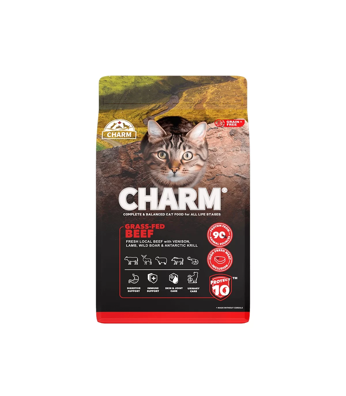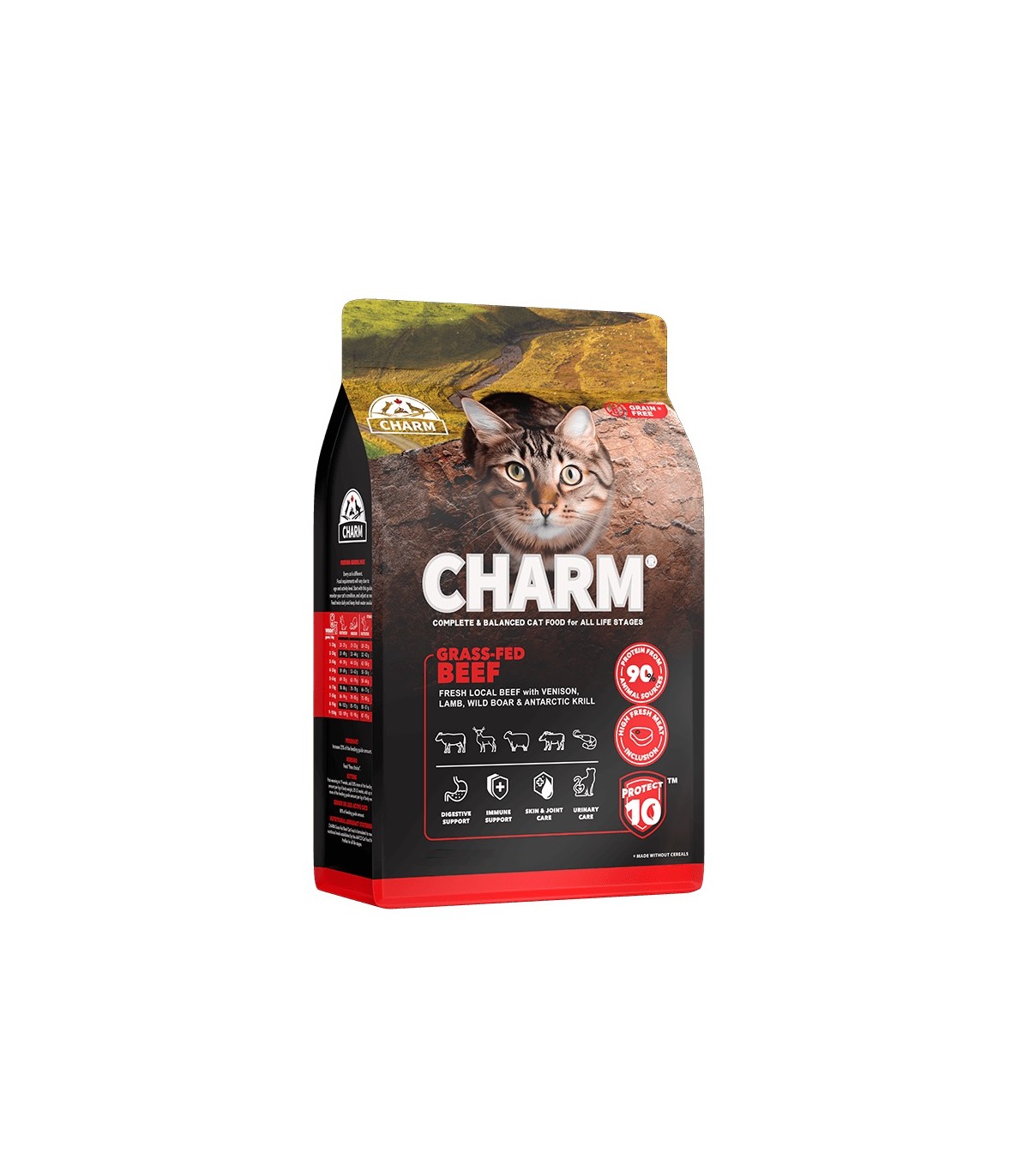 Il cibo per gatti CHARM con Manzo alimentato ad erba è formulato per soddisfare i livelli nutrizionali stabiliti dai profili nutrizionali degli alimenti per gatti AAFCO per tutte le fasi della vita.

=-=-=-=-=

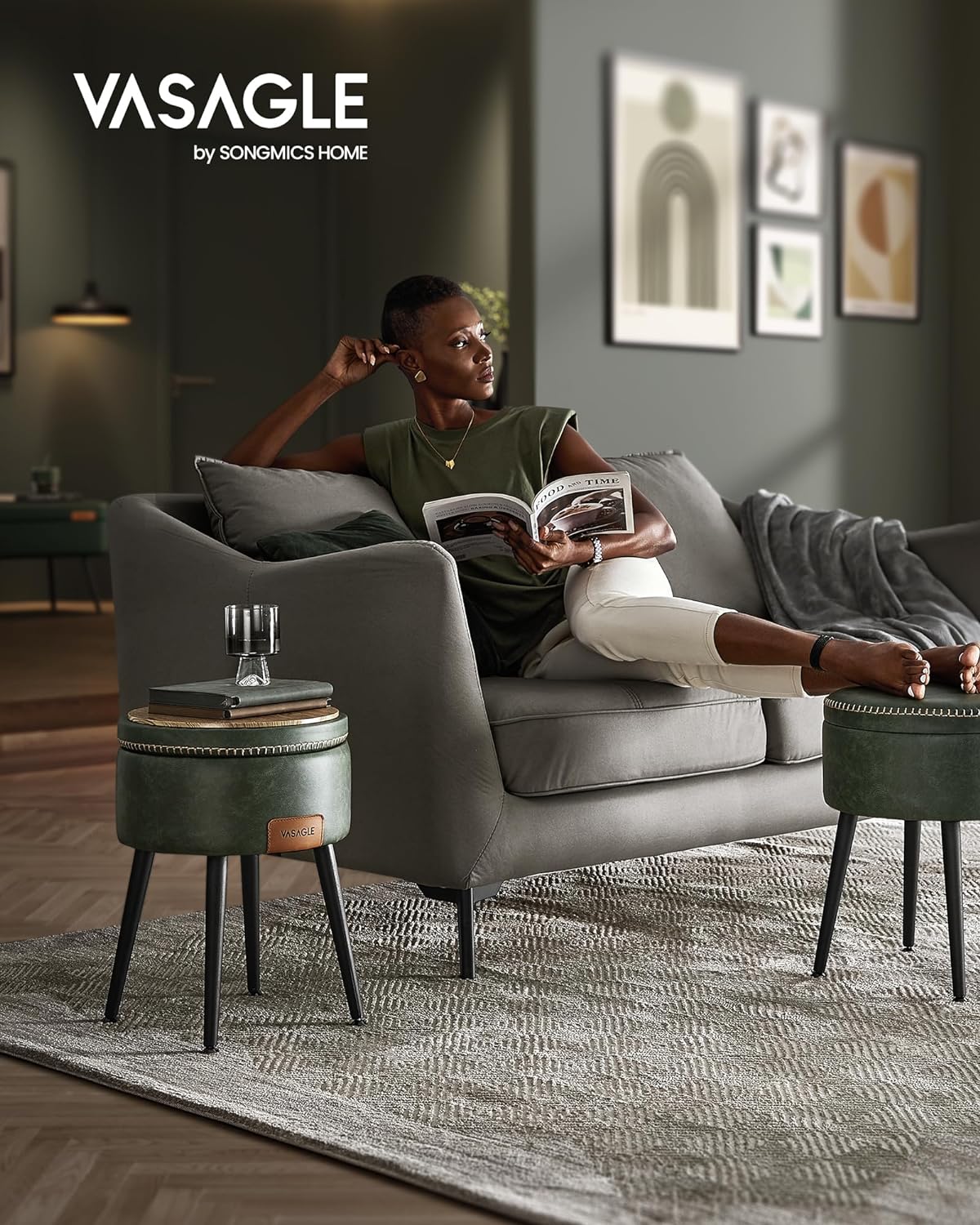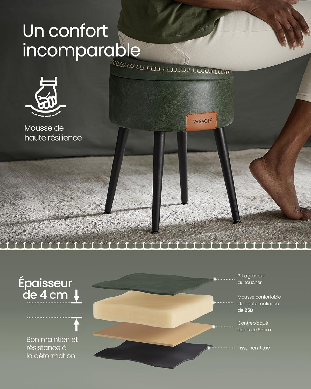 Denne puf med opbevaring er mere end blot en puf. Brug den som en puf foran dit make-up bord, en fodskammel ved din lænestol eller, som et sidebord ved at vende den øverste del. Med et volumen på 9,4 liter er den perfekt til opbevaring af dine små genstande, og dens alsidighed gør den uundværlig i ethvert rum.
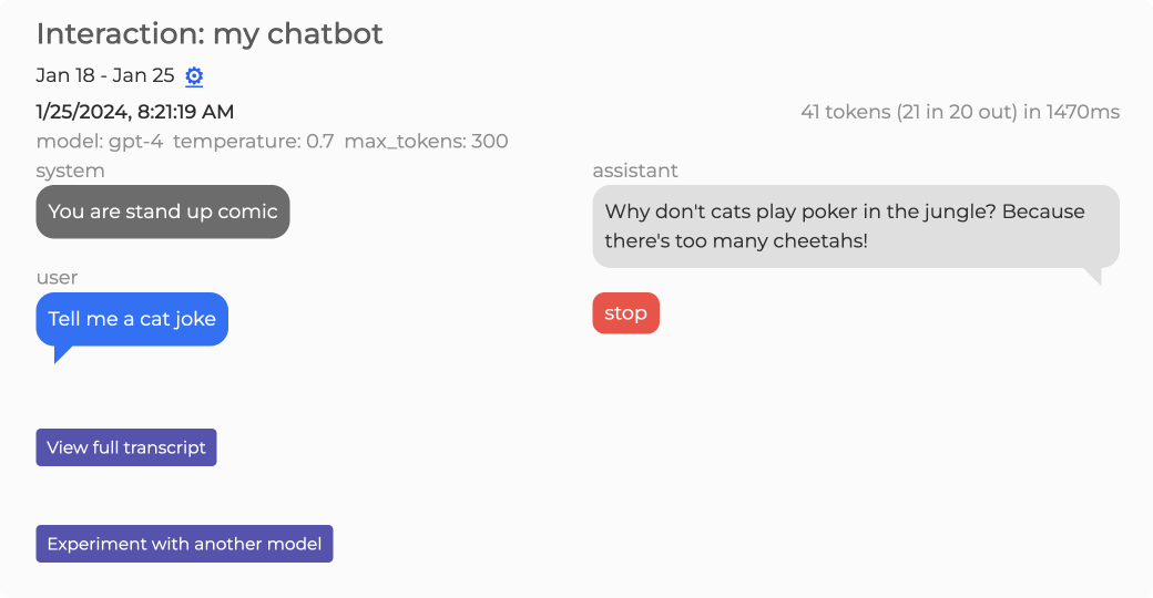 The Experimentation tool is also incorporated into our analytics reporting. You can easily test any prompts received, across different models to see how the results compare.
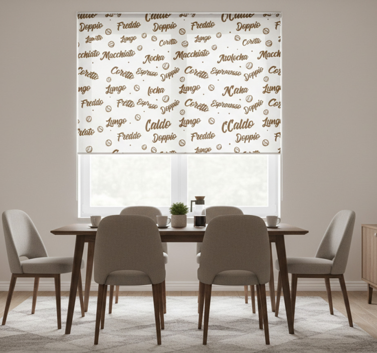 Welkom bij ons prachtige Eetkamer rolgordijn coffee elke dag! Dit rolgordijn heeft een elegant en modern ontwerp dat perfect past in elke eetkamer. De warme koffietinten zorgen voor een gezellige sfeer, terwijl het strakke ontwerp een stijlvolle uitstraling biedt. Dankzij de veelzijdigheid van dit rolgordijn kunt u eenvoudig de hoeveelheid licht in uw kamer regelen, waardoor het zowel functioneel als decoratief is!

=-=-=-=-=

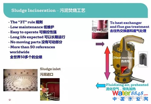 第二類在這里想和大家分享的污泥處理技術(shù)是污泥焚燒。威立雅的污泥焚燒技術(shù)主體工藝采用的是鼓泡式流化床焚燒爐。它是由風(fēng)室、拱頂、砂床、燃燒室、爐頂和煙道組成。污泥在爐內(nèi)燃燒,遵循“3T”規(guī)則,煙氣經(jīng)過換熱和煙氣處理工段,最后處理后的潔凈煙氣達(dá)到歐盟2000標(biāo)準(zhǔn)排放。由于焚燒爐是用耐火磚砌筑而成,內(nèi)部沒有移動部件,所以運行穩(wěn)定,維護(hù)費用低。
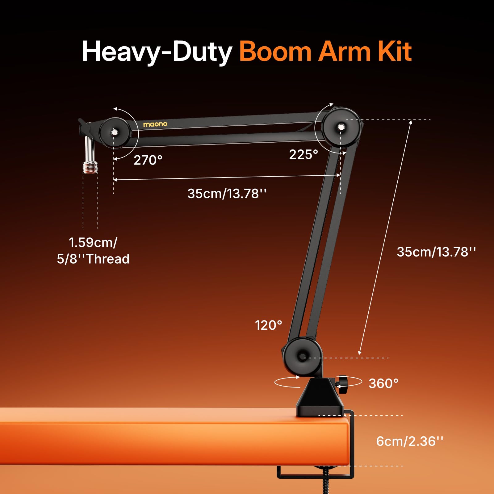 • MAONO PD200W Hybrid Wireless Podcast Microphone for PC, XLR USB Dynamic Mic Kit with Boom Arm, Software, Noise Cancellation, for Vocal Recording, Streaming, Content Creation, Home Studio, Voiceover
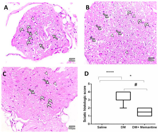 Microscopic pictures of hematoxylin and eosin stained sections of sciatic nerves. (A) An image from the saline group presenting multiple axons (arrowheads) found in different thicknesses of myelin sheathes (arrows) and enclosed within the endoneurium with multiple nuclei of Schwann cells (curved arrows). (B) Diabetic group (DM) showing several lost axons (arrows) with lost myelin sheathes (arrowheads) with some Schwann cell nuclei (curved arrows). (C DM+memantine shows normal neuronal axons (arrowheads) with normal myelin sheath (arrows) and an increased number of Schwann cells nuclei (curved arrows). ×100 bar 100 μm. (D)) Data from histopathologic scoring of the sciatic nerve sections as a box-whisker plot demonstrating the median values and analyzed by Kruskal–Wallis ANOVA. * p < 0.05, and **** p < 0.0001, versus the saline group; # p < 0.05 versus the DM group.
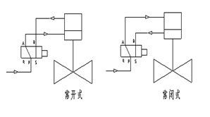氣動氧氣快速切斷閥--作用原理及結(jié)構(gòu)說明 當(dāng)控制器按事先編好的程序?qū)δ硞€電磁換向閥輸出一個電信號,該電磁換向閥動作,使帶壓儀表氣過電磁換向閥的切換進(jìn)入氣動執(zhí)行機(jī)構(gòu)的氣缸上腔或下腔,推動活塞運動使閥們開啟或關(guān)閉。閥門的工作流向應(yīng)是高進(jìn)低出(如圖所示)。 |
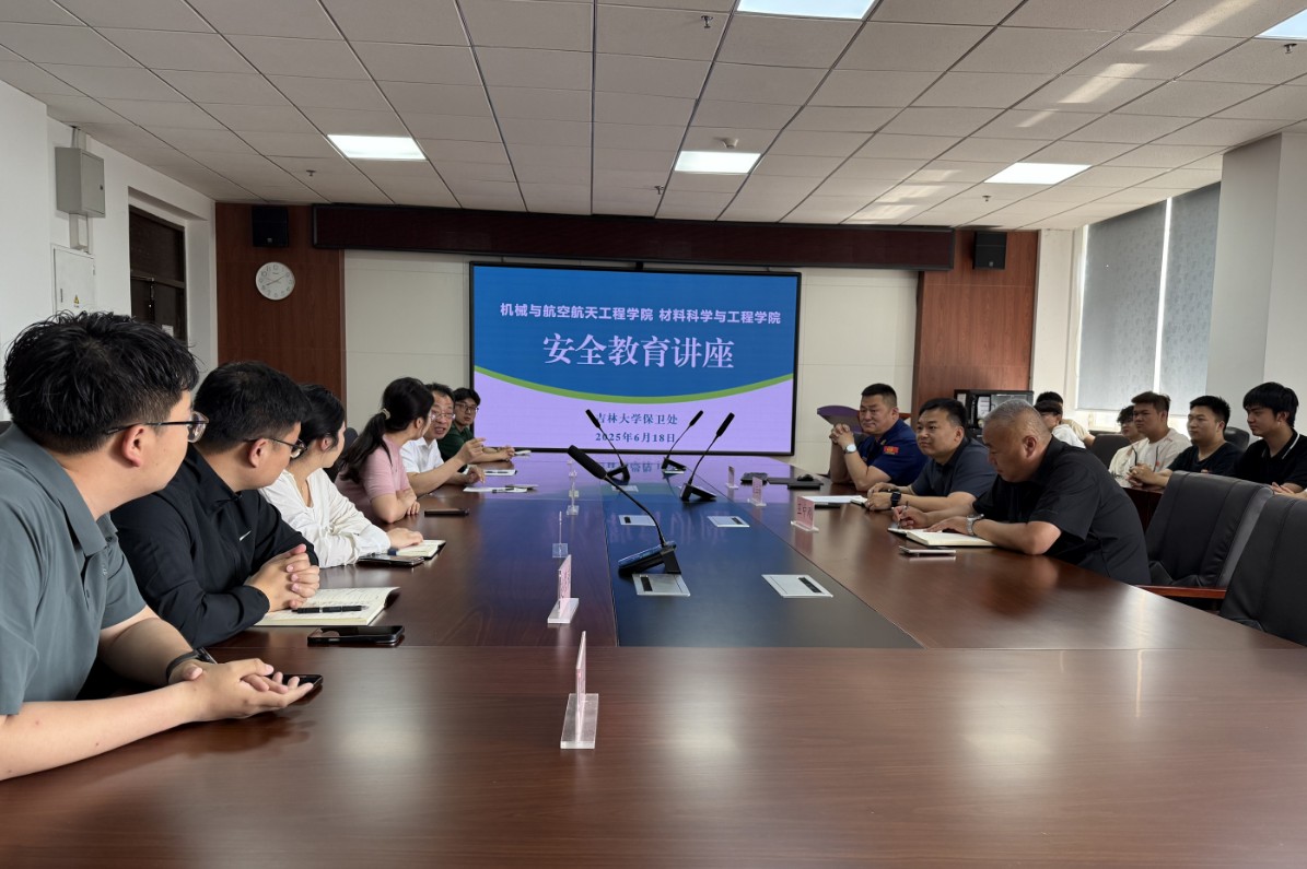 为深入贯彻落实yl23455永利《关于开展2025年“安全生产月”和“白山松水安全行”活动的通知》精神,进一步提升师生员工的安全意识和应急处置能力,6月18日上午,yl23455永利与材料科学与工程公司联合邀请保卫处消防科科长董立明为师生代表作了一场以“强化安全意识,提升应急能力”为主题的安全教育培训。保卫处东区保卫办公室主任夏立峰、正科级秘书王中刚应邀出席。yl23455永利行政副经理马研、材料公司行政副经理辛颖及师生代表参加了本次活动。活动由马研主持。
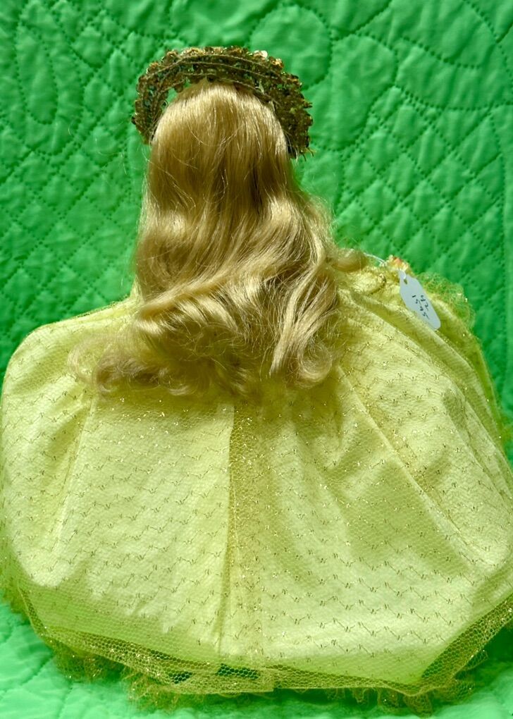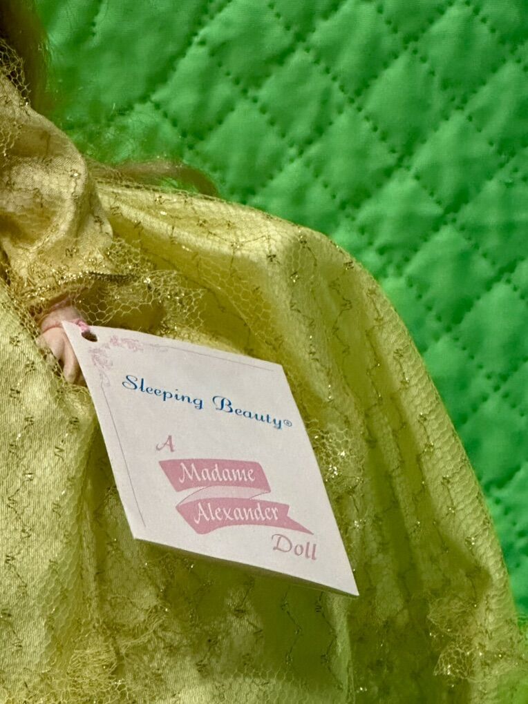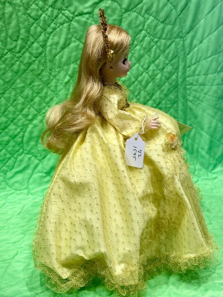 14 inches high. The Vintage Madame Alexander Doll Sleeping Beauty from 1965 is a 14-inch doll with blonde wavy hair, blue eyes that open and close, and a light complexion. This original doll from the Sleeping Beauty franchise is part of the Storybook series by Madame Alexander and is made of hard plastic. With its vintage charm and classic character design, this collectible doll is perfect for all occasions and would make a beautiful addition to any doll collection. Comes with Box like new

=-=-=-=-=

**YOUR OBJECTIVE:**
Pictures excluded, reproduce only the part above that opens with the line holding "Microscopic pictures of" and closes with the line holding "为深入贯彻落实yl23455", exactly as written.

**EXERCISE SOLUTION:**
 Microscopic pictures of hematoxylin and eosin stained sections of sciatic nerves. (A) An image from the saline group presenting multiple axons (arrowheads) found in different thicknesses of myelin sheathes (arrows) and enclosed within the endoneurium with multiple nuclei of Schwann cells (curved arrows). (B) Diabetic group (DM) showing several lost axons (arrows) with lost myelin sheathes (arrowheads) with some Schwann cell nuclei (curved arrows). (C DM+memantine shows normal neuronal axons (arrowheads) with normal myelin sheath (arrows) and an increased number of Schwann cells nuclei (curved arrows). ×100 bar 100 μm. (D)) Data from histopathologic scoring of the sciatic nerve sections as a box-whisker plot demonstrating the median values and analyzed by Kruskal–Wallis ANOVA. * p < 0.05, and **** p < 0.0001, versus the saline group; # p < 0.05 versus the DM group.
氣動氧氣快速切斷閥--作用原理及結(jié)構(gòu)說明 當(dāng)控制器按事先編好的程序?qū)δ硞€電磁換向閥輸出一個電信號,該電磁換向閥動作,使帶壓儀表氣過電磁換向閥的切換進(jìn)入氣動執(zhí)行機(jī)構(gòu)的氣缸上腔或下腔,推動活塞運動使閥們開啟或關(guān)閉。閥門的工作流向應(yīng)是高進(jìn)低出(如圖所示)。 |
 为深入贯彻落实yl23455永利《关于开展2025年“安全生产月”和“白山松水安全行”活动的通知》精神,进一步提升师生员工的安全意识和应急处置能力,6月18日上午,yl23455永利与材料科学与工程公司联合邀请保卫处消防科科长董立明为师生代表作了一场以“强化安全意识,提升应急能力”为主题的安全教育培训。保卫处东区保卫办公室主任夏立峰、正科级秘书王中刚应邀出席。yl23455永利行政副经理马研、材料公司行政副经理辛颖及师生代表参加了本次活动。活动由马研主持。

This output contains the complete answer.